**** DATA ****

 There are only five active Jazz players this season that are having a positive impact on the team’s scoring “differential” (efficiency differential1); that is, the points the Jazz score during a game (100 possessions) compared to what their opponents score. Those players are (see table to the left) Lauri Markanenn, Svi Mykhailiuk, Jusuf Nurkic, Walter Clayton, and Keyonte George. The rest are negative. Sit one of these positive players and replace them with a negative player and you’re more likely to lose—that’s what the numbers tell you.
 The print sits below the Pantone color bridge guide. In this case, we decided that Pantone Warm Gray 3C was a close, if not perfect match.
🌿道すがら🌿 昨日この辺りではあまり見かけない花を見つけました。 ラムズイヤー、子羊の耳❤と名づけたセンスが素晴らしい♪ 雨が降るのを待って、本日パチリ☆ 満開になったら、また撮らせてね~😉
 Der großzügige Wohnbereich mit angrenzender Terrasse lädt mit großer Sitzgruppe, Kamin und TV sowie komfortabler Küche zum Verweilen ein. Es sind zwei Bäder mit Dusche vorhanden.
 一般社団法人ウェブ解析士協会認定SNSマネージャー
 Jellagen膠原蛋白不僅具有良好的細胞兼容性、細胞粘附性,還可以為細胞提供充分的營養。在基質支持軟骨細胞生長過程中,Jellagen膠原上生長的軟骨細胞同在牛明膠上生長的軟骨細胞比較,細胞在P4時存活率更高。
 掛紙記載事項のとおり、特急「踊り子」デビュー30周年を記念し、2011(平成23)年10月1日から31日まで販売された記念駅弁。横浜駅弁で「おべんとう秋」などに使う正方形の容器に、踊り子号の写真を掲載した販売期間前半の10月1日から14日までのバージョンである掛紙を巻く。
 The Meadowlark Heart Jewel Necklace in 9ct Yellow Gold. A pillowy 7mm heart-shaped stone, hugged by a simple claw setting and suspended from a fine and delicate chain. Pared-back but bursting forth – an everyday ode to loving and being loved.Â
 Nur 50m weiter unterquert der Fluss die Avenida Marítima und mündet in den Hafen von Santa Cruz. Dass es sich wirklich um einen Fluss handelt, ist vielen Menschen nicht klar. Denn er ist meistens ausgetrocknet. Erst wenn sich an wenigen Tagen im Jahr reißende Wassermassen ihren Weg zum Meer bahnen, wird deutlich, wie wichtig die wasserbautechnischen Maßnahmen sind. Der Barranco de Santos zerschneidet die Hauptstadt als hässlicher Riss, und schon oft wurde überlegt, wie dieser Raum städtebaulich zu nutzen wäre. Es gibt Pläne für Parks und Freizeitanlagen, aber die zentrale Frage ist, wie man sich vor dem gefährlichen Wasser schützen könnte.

****

§ EXERCISE INSTRUCTIONS: All lines above in which the word "this" occurs should be identified and copied.

§ EXPECTED ANSWER:
 There are only five active Jazz players this season that are having a positive impact on the team’s scoring “differential” (efficiency differential1); that is, the points the Jazz score during a game (100 possessions) compared to what their opponents score. Those players are (see table to the left) Lauri Markanenn, Svi Mykhailiuk, Jusuf Nurkic, Walter Clayton, and Keyonte George. The rest are negative. Sit one of these positive players and replace them with a negative player and you’re more likely to lose—that’s what the numbers tell you.
 The print sits below the Pantone color bridge guide. In this case, we decided that Pantone Warm Gray 3C was a close, if not perfect match.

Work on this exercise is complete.